§ Task statement: Exact reproduction is required for the lines below starting at the line with "- Zakaj je nočna" and ending at the line with "นายดอยธิเบศร์ ดัชนี บุตรชาย", both included. No other lines, and no pictures.

§ Materials provided:

************

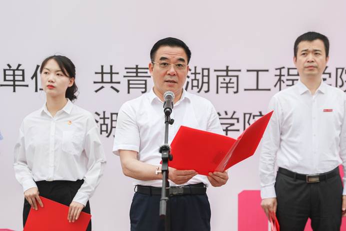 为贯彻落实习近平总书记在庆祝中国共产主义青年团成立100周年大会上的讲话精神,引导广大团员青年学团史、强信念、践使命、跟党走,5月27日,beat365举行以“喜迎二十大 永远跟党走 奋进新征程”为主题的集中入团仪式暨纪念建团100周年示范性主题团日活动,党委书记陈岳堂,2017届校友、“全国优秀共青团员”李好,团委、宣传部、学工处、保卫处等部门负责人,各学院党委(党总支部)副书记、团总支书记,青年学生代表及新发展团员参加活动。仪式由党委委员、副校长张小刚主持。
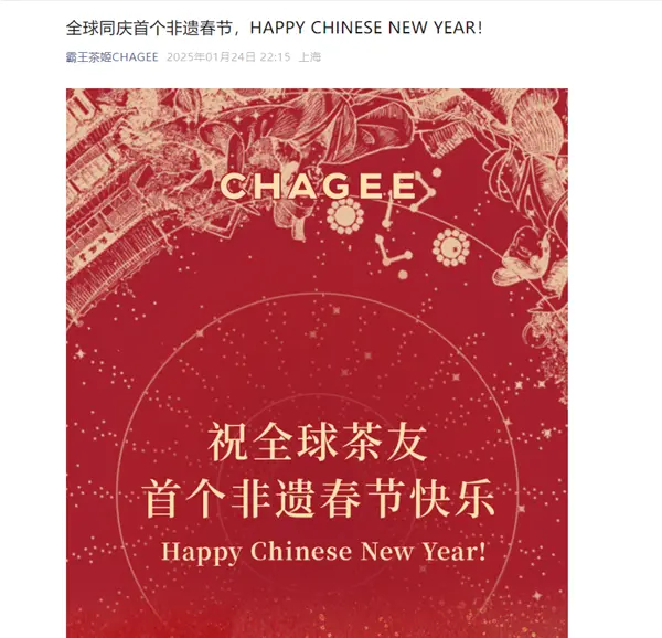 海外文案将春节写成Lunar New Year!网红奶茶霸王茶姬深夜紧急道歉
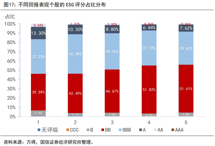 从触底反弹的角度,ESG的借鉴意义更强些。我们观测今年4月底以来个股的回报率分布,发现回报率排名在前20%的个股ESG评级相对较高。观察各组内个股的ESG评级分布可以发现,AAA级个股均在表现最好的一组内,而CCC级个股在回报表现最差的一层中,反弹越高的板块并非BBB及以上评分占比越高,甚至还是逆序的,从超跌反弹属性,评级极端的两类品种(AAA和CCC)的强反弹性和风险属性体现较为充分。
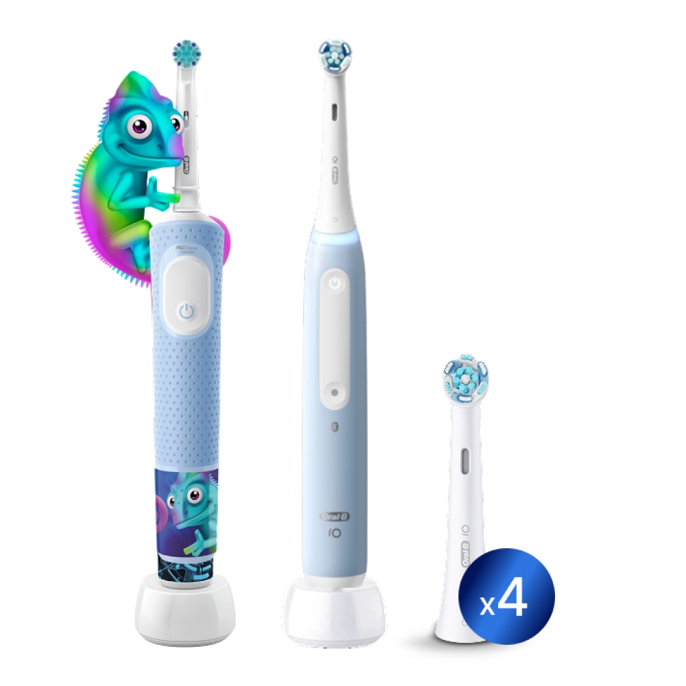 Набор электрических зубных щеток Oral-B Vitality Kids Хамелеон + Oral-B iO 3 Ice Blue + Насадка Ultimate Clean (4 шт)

************

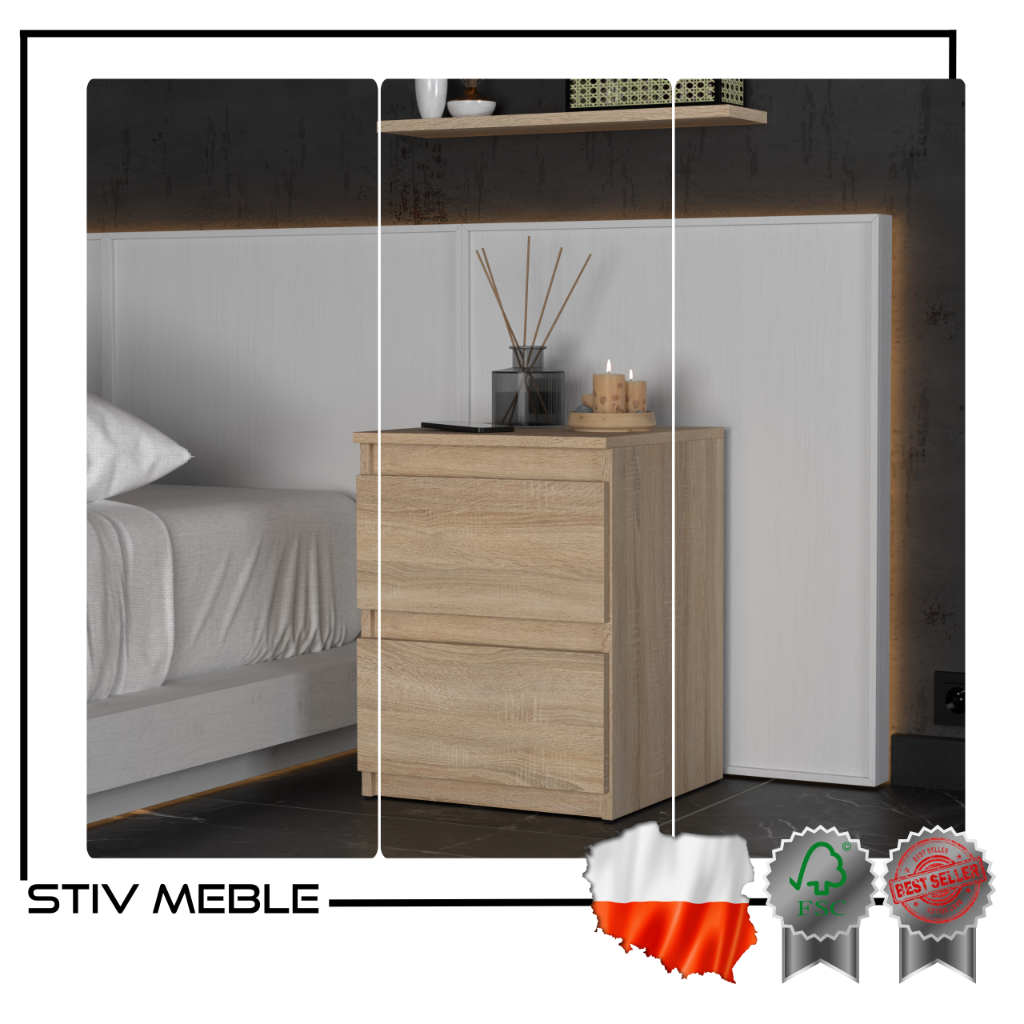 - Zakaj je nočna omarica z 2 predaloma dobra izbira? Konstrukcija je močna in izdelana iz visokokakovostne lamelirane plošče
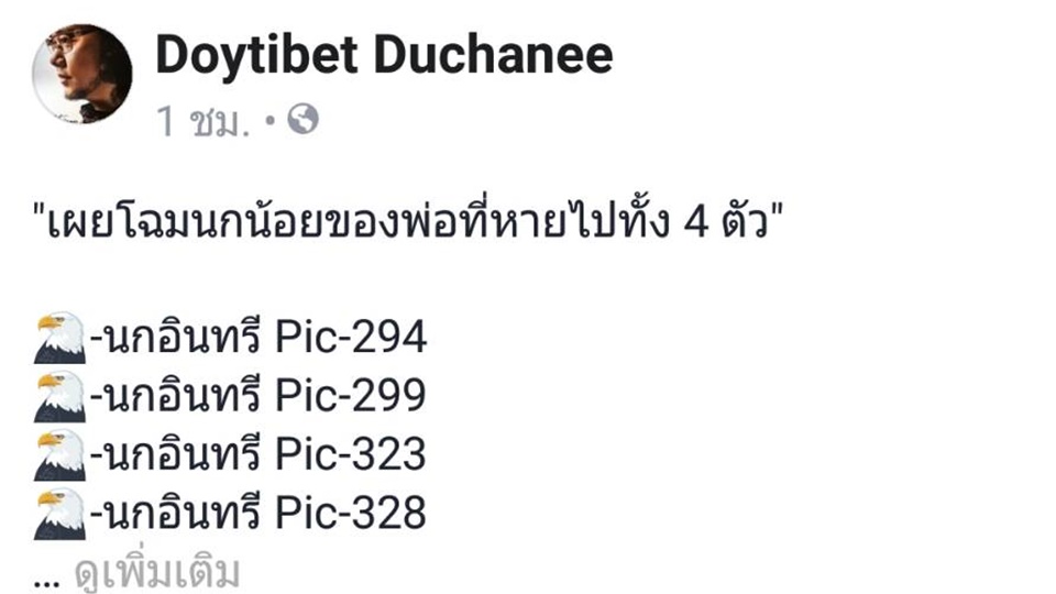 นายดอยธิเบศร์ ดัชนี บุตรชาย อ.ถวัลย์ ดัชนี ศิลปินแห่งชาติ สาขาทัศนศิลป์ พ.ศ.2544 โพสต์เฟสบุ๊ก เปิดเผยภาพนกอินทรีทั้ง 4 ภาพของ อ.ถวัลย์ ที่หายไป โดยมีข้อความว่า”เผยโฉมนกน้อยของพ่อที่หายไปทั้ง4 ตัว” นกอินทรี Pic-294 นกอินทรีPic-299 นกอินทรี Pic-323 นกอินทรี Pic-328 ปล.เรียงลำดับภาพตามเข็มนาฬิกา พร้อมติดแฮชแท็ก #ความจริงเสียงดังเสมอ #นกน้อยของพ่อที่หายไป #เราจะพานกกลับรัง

************

§ Task solution:
 - Zakaj je nočna omarica z 2 predaloma dobra izbira? Konstrukcija je močna in izdelana iz visokokakovostne lamelirane plošče
 นายดอยธิเบศร์ ดัชนี บุตรชาย อ.ถวัลย์ ดัชนี ศิลปินแห่งชาติ สาขาทัศนศิลป์ พ.ศ.2544 โพสต์เฟสบุ๊ก เปิดเผยภาพนกอินทรีทั้ง 4 ภาพของ อ.ถวัลย์ ที่หายไป โดยมีข้อความว่า”เผยโฉมนกน้อยของพ่อที่หายไปทั้ง4 ตัว” นกอินทรี Pic-294 นกอินทรีPic-299 นกอินทรี Pic-323 นกอินทรี Pic-328 ปล.เรียงลำดับภาพตามเข็มนาฬิกา พร้อมติดแฮชแท็ก #ความจริงเสียงดังเสมอ #นกน้อยของพ่อที่หายไป #เราจะพานกกลับรัง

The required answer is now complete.